Does one need a proof to show that the function is continuous?

Question

Let $$ f(x) = \begin{cases} x \cos\left(\frac{1}{x}\right) & \text{if } x \neq 0 \\ 0 & \text{if } x=0\end{cases}$$ Is $f$ continuous? Is $f$ differentiable?
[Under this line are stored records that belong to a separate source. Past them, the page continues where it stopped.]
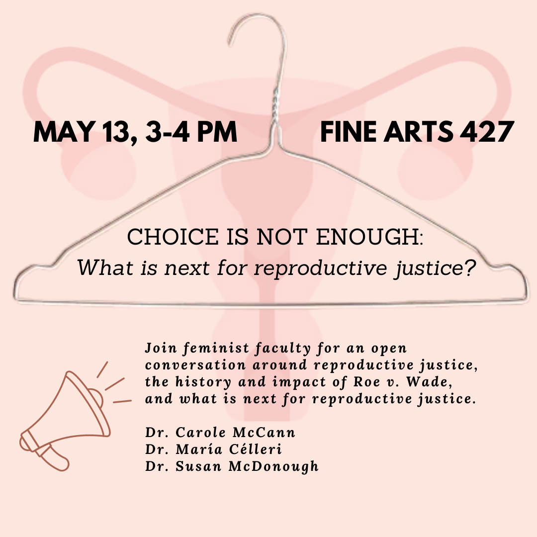 Join feminist faculty for an open conversation around reproductive justice, the history and impact of Roe v. Wade, and what is next for reproductive justice.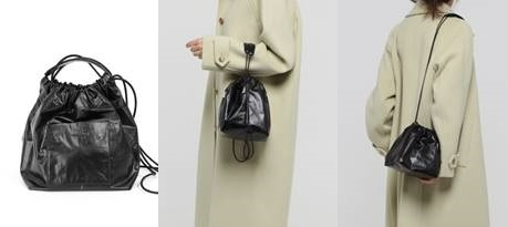 이미지 확대보기이 제품은 스트랩 조임 방법에 따라 다양하게 스타일링 할 수 있다. 베이직한 숄더백으로 연출하거나, 스트랩을 풀고 손잡이 쪽을 당겨 토트백 느낌으로, 또는 스트랩을 길게 당겨 입구를 조인 상태로 매면 미니 백팩 느낌으로 연출이 가능하다. 또한 앞면에는 브랜드 로고가 각인된 아웃포켓이, 내부에도 포켓이 있어 수납공간도 여유로운 실용적인 제품이다.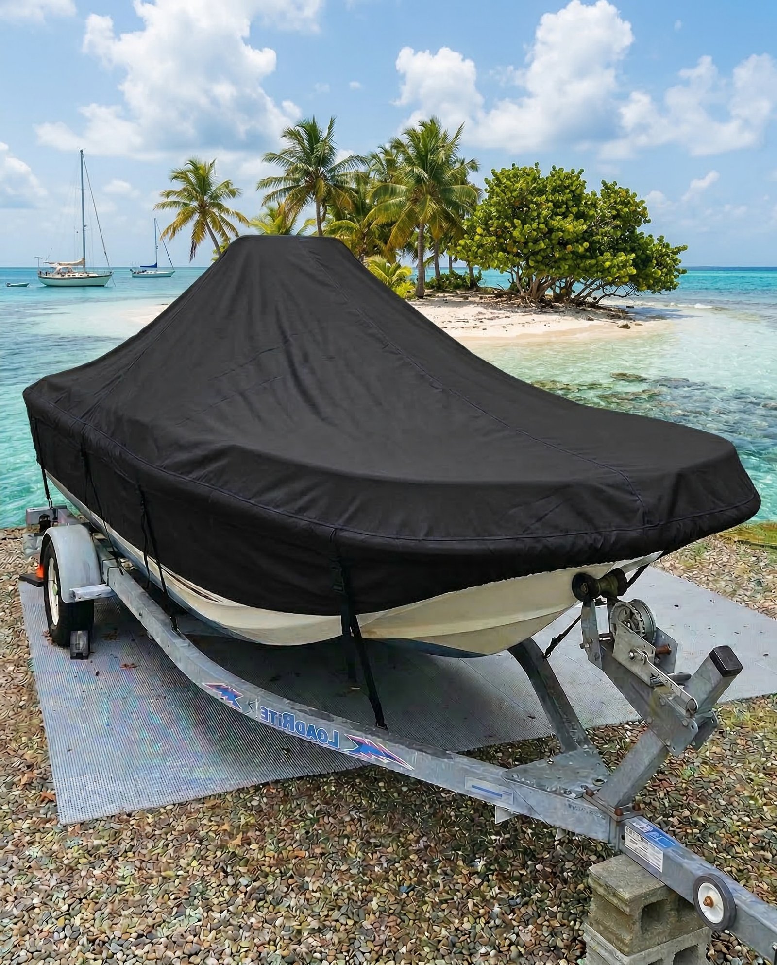 Select your boat model, cover type, and fabric choice on the product page, then add to cart. Every cover ships with the fitted cover, all necessary tie-down straps and buckles, a storage bag, and a detailed installation guide. Most orders ship within 5 to 7 business days.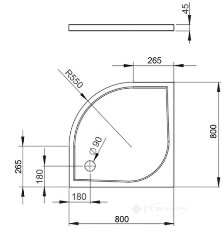 Перейти до докладного описуПлоский півкруглий піддон для монтажу безпосередньо на підлозі. Отвір під сифон 90. Рекомендований сифон TB 90P, R400Slim.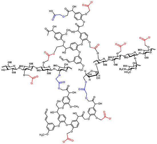 The three carboxymethylated macromolecules were then heated at an elevated temperature to cause thermal curing. Each of the three macromolecules contained OH and carboxyl functional groups. Both groups tended to undergo a condensation reaction at an elevated temperature to form an ester linkage with the loss of water molecules. The result is that a 3D structure of covalently bonded lignin, cellulose, and hemicelluloses forms, as shown in Figure 3. The produced structure is loaded with chelating ligands for metal ions; in addition, it is expected to be highly porous.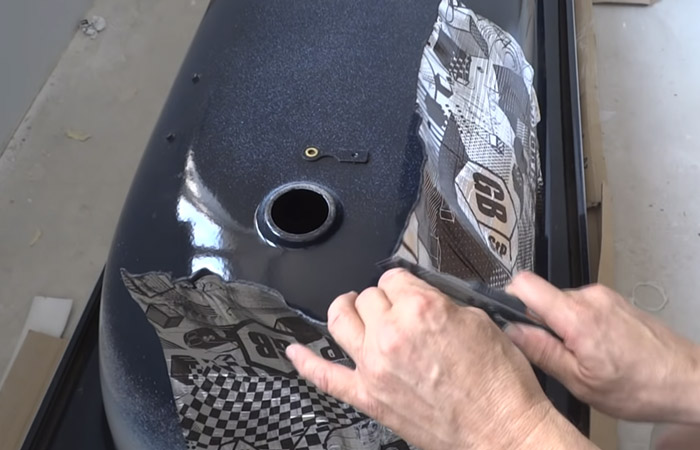 • La surface extérieure du bol est nettoyée de la saleté et de la poussière, dégraissée. Le trou de vidange et de trop-plein est protégé par du ruban adhésif.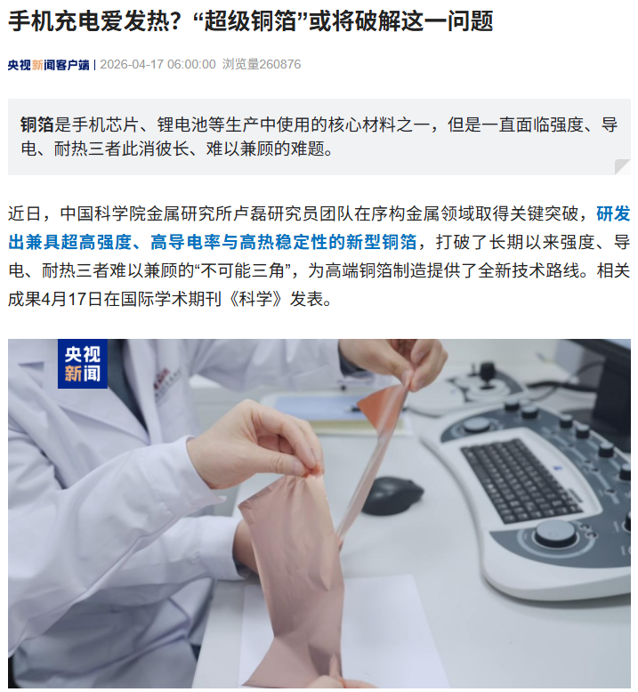 IT之家 4 月 17 日消息,据央视新闻报道,近日,中国科学院金属研究所卢磊研究员团队在序构金属领域取得关键突破,研发出兼具超高强度、高导电率与高热稳定性的新型铜箔,打破了长期以来强度、导电、耐热三者难以兼顾的“不可能三角”,为高端铜箔制造提供了全新技术路线。相关成果 4 月 17 日在国际学术期刊《科学》发表。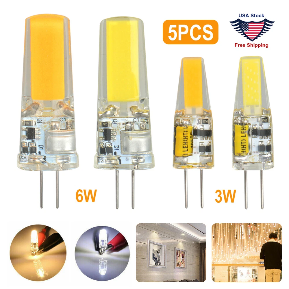 Product Description ⚡US Stock, the estimated delivery time is about 2-5 business days. ⭐100% Brand New and High Quality 💡Description: 1.ENERGY-SAVING - Replace 20 Watt T3 halogen bulb by 3 Watt LED, save 90% of your electricity bill. 2.EASY INSTALLATION - Standard G4 base,Can be easily Installs into and replace existing ordinary G4 halogen bulbs. 3.LONG LIFESPAN - Last incredible 50,000 hours,that is 22 years of use if used 6 hours per day. Lower maintenance costs by reducing re-lamp frequency 4.ECO-FRIENDLY - No lead or mercury, no UV or IR radiation.CE, ROHS, FCC qualified enable non-flickering light bulbs that are great for the environment and home. 5.APPLICATIONS - Chandeliers lamp,Ceiling lights,Under Cabinet Puck Light, Malibu landscape light,Chandeliers, Track Lighting, Wall Mounts Sconces, RV, caravan , marine boats, yachts etc. ⭐APPLICATIONS: Chandeliers,Kitchens,Living Rooms,Dining Rooms,Bedrooms,Hallways Shopping Malls,Office Building,Hotels,exhibition halls, hospitals ❇Specification Specifications: 3W/6W Color: Warm White(2700K-3000K), Cool White(6000K-6500K) Lumen: 210lm Material:Silicon Certification: CE, RoHS Input voltage: 12V LED lamp bead model: COB Number of LED lamp beads: 1 Luminous flux: 150LM/280LM Power: 3W/6W Lamp body material: silicone Lamp holder specification: G4 Dimmable: Yes Effective life: 30000H Dimensions: 3W 38*10mm, 6W 48*16mm Packing List: 5PCS Lamp 🎁Package includes: 5X or 10 G4 LED COB Bulb Payment We accept PayPal only. If buyer want to delay the payment because of financial problem, please contact me by the ebay message within 3 days Payment via PayPal (PayPal accepts all major credits/debit cards and eCheque) ECheque payment will tak e 3-10 days to get clear, thus DELAYing the shipment. Shipping Handling time: 1 business day (Orders are not processed on weekends & holidays) Tracking information will be sent once item is shipped. Local pick-up is unavailable at the moment. For international shipping and shipping to Guam, Hawaii and Alaska, Please contact us before placing the order. Item is shipped to ebay address. Leaving correct address can minimize delay. Terms For any issues with Defects, Return, Item Exchange request, please contact us first and send us a message first before opening any type of case or request. We devote ourselves making EVERY CUSTOMER in 100% Satisfactory and resolve any problem. We highly value and appreciate your business. Thank you. No returns will be accepted without an RMA number. Please contact us for the RMA number. Return is acceptable within 30 days of delivery. Return for replacement or money back is optional. Returned items must be in the brand new, unaltered and resalable condition. Seller is not responsible for any labor cost, expense in a dealer store, or damage due to wrong installation. Returns Return is accepted within 14 days after the buyer's receiving the item. (Excluding contrived damagement or misusage).100% money-back Guaranteed! All product will be tested in 100% before delivery.If the item is defected by the processing of postage,Buyer has up to 14 days from date of receipt for exchange of a new one.All shipping charges for returned products are to be paid by the buyer,Please contact us for the return address Contact Us All messages will be answered within 24 office hours. Please contact us either by clicking "contact seller" in the "purchase history" section or simply click "ask a question" at the bottom of this page. If you are unsatisfied with our item or service, please contact us before leaving any feedback. We are committed to resolve all issues in a friendly and satisfactory manner. We always reply to messages within 2 business days (off-duty at weekend). If you do not get a response from us, then please check your junk or spam mailbox. powered by

$f'(x) = \cos(\frac{1}{x})+\frac{\sin(1/x)}{x}, x\neq 0\\ f'(0) = \lim \limits_{h \to 0} \frac{f(h)-f(0)}{h} \\ \lim \limits_{h \to 0} \frac{f(h)}{h} \Leftarrow \lim \limits_{h \to 0} \frac{h\cos(1/h)}{h} \\ \lim \limits_{h \to 0} \cos(\frac{1}{h}) \\ h \neq0 \\ -1 \le\cos(\frac{1}{h})\le 1 \qquad \qquad (\text{ Squeeze Theorem}) \\ \lim \limits_{h \to 0} 1 =1\\ \lim \limits_{h \to 0} -1 =-1 \\ \lim \limits_{h \to 0} \cos\frac{1}{h} = \text{DNE} \\ \text{f is not differentiable on } \mathbb{R. } \\ f'(x) = \begin{cases} \cos\frac{1}{x}+\frac{\sin1/x}{x}, & \text{if } x \neq 0 \\ 0 & \text{if } x=0\end{cases} \\ \text{ Hence f is not differentiable on } \mathbb{R}.$

$\qquad \text{My question is since this function is not differentiable.}\\\text{ How can I show whether this function is continuous or not continuous?} \\ \text{I know one way to show continuity is by showing at a point that it is } \\ \text{ continuous. For Example } \\ \text{ Showing that the left hand limit is the same as the right hand limit at zero.} \\ \text{Since at x = 0 things are changing. Is that the way to solve this problem or } \\ \text{ is a proof required to show whether this is continous or not?}$

Answer 1

Well, yes, you need to prove that it is continuous. Outside $0$, that's easy: your function is obtained from continuous function through arithmetic operations and composition. At $0$, use the fact that$$(\forall x\in\mathbb R):-\lvert x\rvert\leqslant x\cos\left(\frac1x\right)\leqslant\lvert x\rvert$$and therefore, by the squeeze theorem,$$\lim_{x\to0}f(x)=0=f(0).$$

Answer 2

You got off to a good start, but you went astray. Rather, $$\lim_{h\to 0}\cos\left(\frac1h\right)=\lim_{|t|\to\infty}\cos(t),$$ which does not exist, as the cosine function never stops oscillating between $-1$ and $1.$ Thus, $f$ is not differentiable at $0.$

You do need to prove continuity, which is easy for $x\ne 0.$ To prove it for $x=0,$ you can use the fact that $-1\le\cos\left(\frac1x\right)\le1$ for all $x\ne 0,$ whence for such $x$ we have $$-|x|\le x\cos\left(\frac1x\right)\le|x|,$$ and so the Squeeze Theorem proves that $$\lim_{x\to 0}f(x)=0=f(0).$$